British Land's mainland European properties represent 2.4 percent of its £10.5 billion portfolio. The assets have been damaged by the economic crisis in Europe, particularly the problems in Spain and Portugal.

Cheesegrater.jpg"Looking forward, we consider Europe to be a sub-scale business for us and our intention is to exit over time," chief executive Chris Grigg told Reuters.

The company has not had discussions with potential buyers yet, Mr. Grigg added.

British Land first entered mainland Europe when the company purchased Pillar Property in 2005, which offered assets in Spain and Italy. The developer co-owns the 2.2-million-square-foot Puerto Venecia shopping center in Zaragoza, Spain's largest mall, and a 65 percent stake in European property fund PREF. 
During a time when European mall owners are adding new services to combat shifting cultures, the euro zone reported a drop in retail sales for the second month in a row in March. Spain reported the worst decline of retail sales of 10.5 percent in a year. 

In an effort to fight tough property markets in Europe, British Land has been focusing on its major commercial properties in London and major UK regions, where retail real estate investments accounted for the majority of Europe's investments in the first quarter of 2013.  

In London, the company has confirmed it will focus its future office efforts on London's West End, moving away from the City of London. City property now accounts for less than 50 percent of the company's portfolio, down from two-thirds.

"Ultimately, rental growth is going to be stronger in the West End and certain fringe areas than in the City itself," Mr. Grigg told the Financial Times. "There are also much tighter planning restrictions in the West End so, for those companies that can operate successfully there, much greater potential development gains."

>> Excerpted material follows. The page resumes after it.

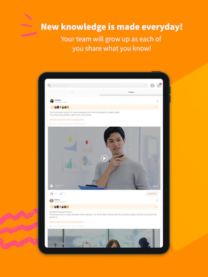 Your collegues can share what they knew in a form of short movie or texts, so that you can learn from it anytime, anywhere.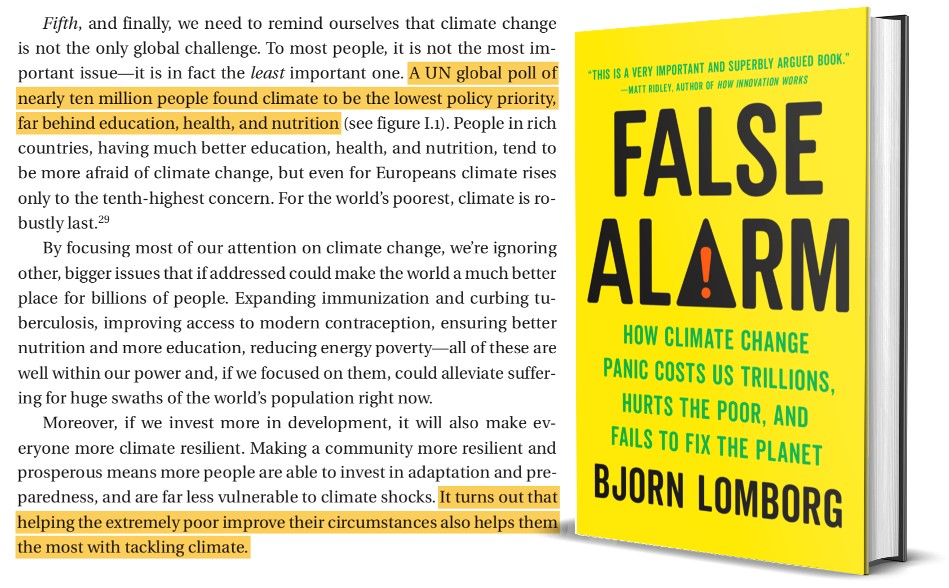 ⚠️Climate alarmism leads to bad policies that cost trillions 💸 We can do better and in my book I describe 5 crucial policies ➡️ http://ow.ly/HUkU50A9v1o  The Fifth, other problems more urgent and effective than climate. Prosperity also helps the poor best with climate.pic.twitter.com/6LYpkfZ6KJ

To fund new investments and projects, the property developer raised almost £1 billion in March through a share placement and sale of an office property in London's financial district, according to Reuters

The company, which is building the Cheesegrater skyscraper in the City of London, does not expect the exit from Europe to be a quick one.
"It could be a long haul, the market's not that easy in Europe at the moment and we don't expect any near-term announcement," Mr. Grigg said. "But this is a very clear statement of intent."